--- Provided records Enclosed Below ---
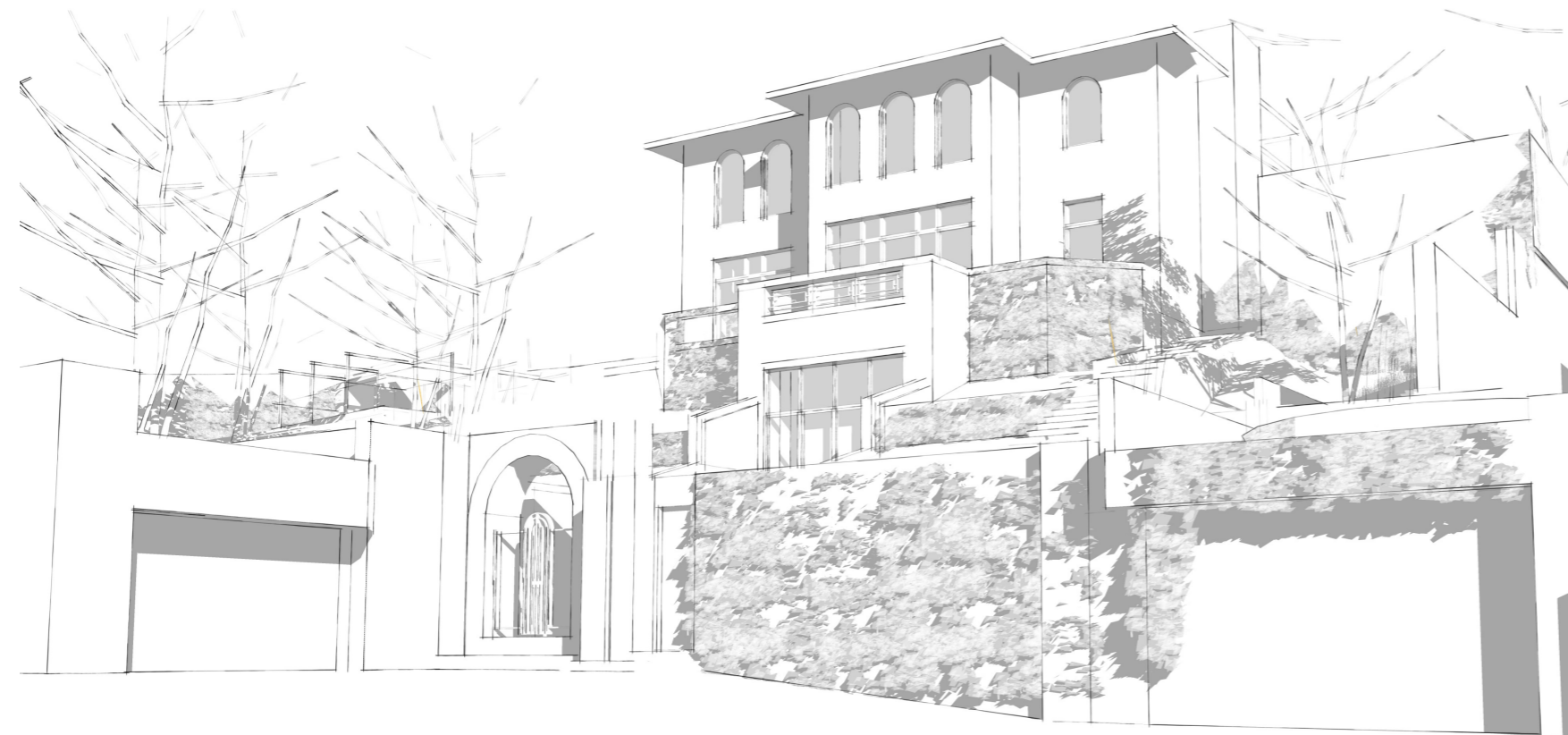
View of 4 Highfields Grove from Highfields Grove
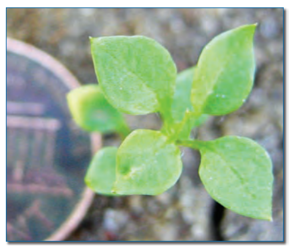
A common chickweed seedling
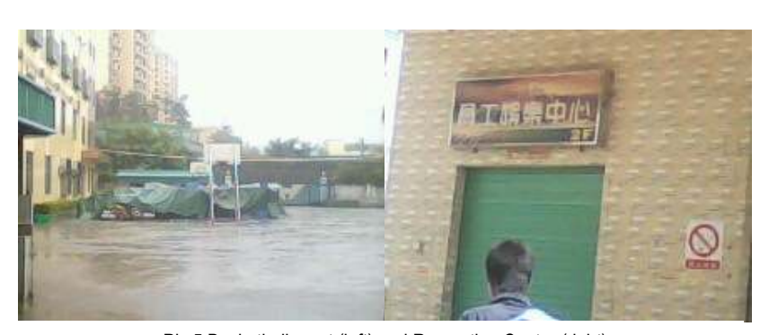
• Pic 5 Basketball court (left) and Recreation Center (right).

During the probation period, employees are not permitted to buy pension insurance. After the probation period has ended, if employees want to purchase insurance, they must fill out a written application, but only after they have paid for it in full. During the new employees training orientation, human resources staff tells workers, "You all are not from Guangdong province, buying this for such a short time is useless. Even if you buy it now, you cannot retire, so it is best not to buy it. But if you really want to buy it, wait until after the probation period is over and then apply."
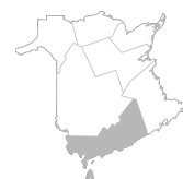
Zone 2 Fundy Shore and Saint John Area
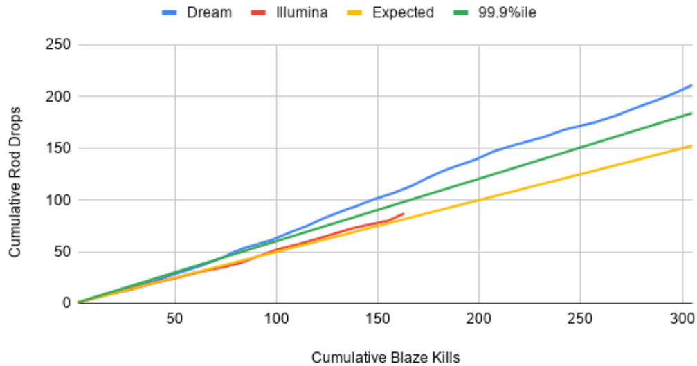
Figure 2: The same for blaze rod drops.
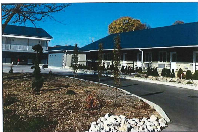
Figure 6 Blue Haven Apartments including former garage now a support service office

During the redevelopment, Nasr set aside one of the Blue Haven units as a permanent office and resource space for the group. In return, A.L.S.O. staff now work out of the office 24 hours a day, 365 days a year, to help the tenants who have physical disabilities with everything from personal care and daily living tasks, to social recreation and counselling.
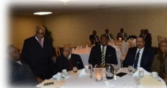
Side: Clergy Political Empowerment Brunch.
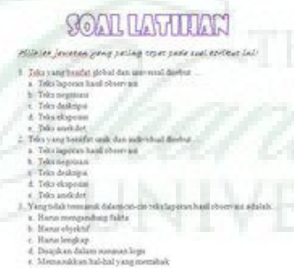
Figure 5. Exercise

A matter of practice located at the end of the learning activity after the summary. This question aimed to see the student's mastery to the materials presented. The question exercise made in the form of multiple choice test which consists of 20 questions.
--- End of Enclosed Provided records ---
- Work request:
A verbatim copy of every record is required, with all pictures excluded.

- Result of this task:
View of 4 Highfields Grove from Highfields Grove
A common chickweed seedling
• Pic 5 Basketball court (left) and Recreation Center (right).

During the probation period, employees are not permitted to buy pension insurance. After the probation period has ended, if employees want to purchase insurance, they must fill out a written application, but only after they have paid for it in full. During the new employees training orientation, human resources staff tells workers, "You all are not from Guangdong province, buying this for such a short time is useless. Even if you buy it now, you cannot retire, so it is best not to buy it. But if you really want to buy it, wait until after the probation period is over and then apply."
Zone 2 Fundy Shore and Saint John Area
Figure 2: The same for blaze rod drops.
Figure 6 Blue Haven Apartments including former garage now a support service office

During the redevelopment, Nasr set aside one of the Blue Haven units as a permanent office and resource space for the group. In return, A.L.S.O. staff now work out of the office 24 hours a day, 365 days a year, to help the tenants who have physical disabilities with everything from personal care and daily living tasks, to social recreation and counselling.
Side: Clergy Political Empowerment Brunch.
Figure 5. Exercise

A matter of practice located at the end of the learning activity after the summary. This question aimed to see the student's mastery to the materials presented. The question exercise made in the form of multiple choice test which consists of 20 questions.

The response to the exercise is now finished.